In tourism brochure clichés, Myanmar is often referred to as the last jewel of Asia. After fifty years of isolation under military rule, the newly open Southeast Asian nation conjures quaint images of the last untouched frontier in a shrinking world. Although we must remind ourselves that such romanticisation can be misplaced, given the authoritarian regime was a harsh reality rather than a luxurious abstinence from modernisation, many foreigners are curiously enthusiastic about visiting the country.
As an undergraduate focusing on Myanmar studies and the Burmese language, across my degree I have had numerous friends approach me to discuss plans to visit the country, famous for its glittering pagodas, ancient temples and rich cultural diversity. When people learn I study Myanmar, they often gush to me about their own experiences in the country. From backpackers I have chatted with in cheap bars in Cambodia, to wealthy club-goers smoking cigarettes outside expensive nightclubs in Singapore, almost everyone had a positive story to share.
However, recently the tone surrounding this conversation has changed. When hairdressers, university peers, strangers at parties or uber drivers ask me what I study, their first question is now about the Rohingya crisis, or negative feelings stemming from media coverage of the situation.
A lot of this discussion has focused on whether it is ethical to visit Myanmar, given recent widespread attention to the mass exodus of the Rohingya from Rakhine state. People do not want to be seen as financially or ethically condoning this traumatic situation—who wants to look back across history and say they supported what has already been called a genocide?
Therefore, it is worth speculating on two things: how this most recent wave of international outrage could dent Myanmar’s tourism figures, and whether foreigners should boycott the country, for fear of lining an authoritarian pocket.
Tourism growth is important for Myanmar’s government.

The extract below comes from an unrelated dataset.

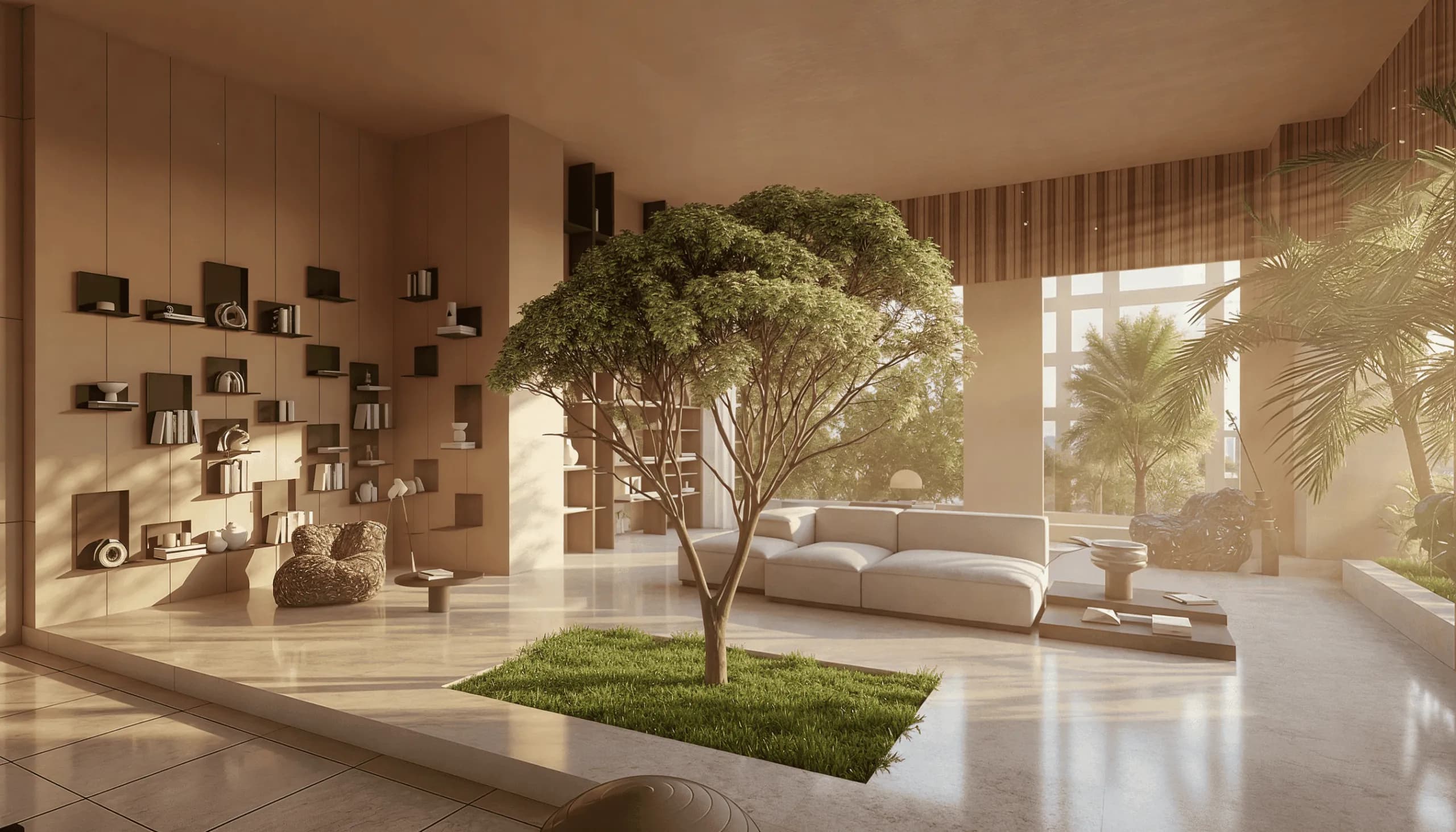 At six storeys, the project is modest by Dubai standards. That is deliberate: the low-rise format produces a density that larger towers in the district cannot replicate, with communal spaces that serve a small resident population of 39 households rather than hundreds.

For some background, it is difficult to accurately gauge tourism statistics in Myanmar. In 2014, Myanmar claimed to receive 3 million international tourists. However, at least two-thirds of this figure were day-trippers from Thailand, China, India, Laos and Bangladesh. The number peaked in 2015 at 4.68 million. Unsurprisingly the following year, total tourist figures dropped dramatically to 2.9 million when conflict in north and north-eastern Myanmar rendered day-tripping more difficult.

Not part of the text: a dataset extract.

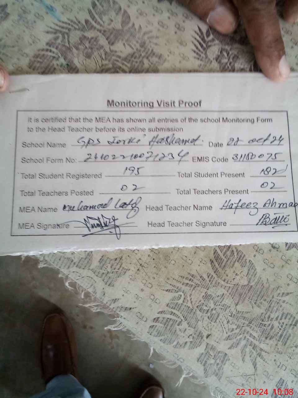 | EMIS Code: 31150075 | Name of School: GPS JORKI HASHMAT | |||

A different measurement of tourism in Myanmar has been airport arrivals—this figure rose from 593,000 in 2012 to 1.08 million in 2016. Yet only 48.2 percent of those arriving in Yangon International airport in 2014 did so on a tourist visa, and it is estimated only 50-60 percent of arrivals in 2016 were purely for leisure. Measuring the sale of tickets at Shwedagon Pagoda, Myanmar’s most famous tourist attraction, revealed 505,351 tickets were sold in 2014—far from the three million tourists statistic—and in 2016, 600,000 tickets were sold, a contrast to the 2.9 million total tourist figures.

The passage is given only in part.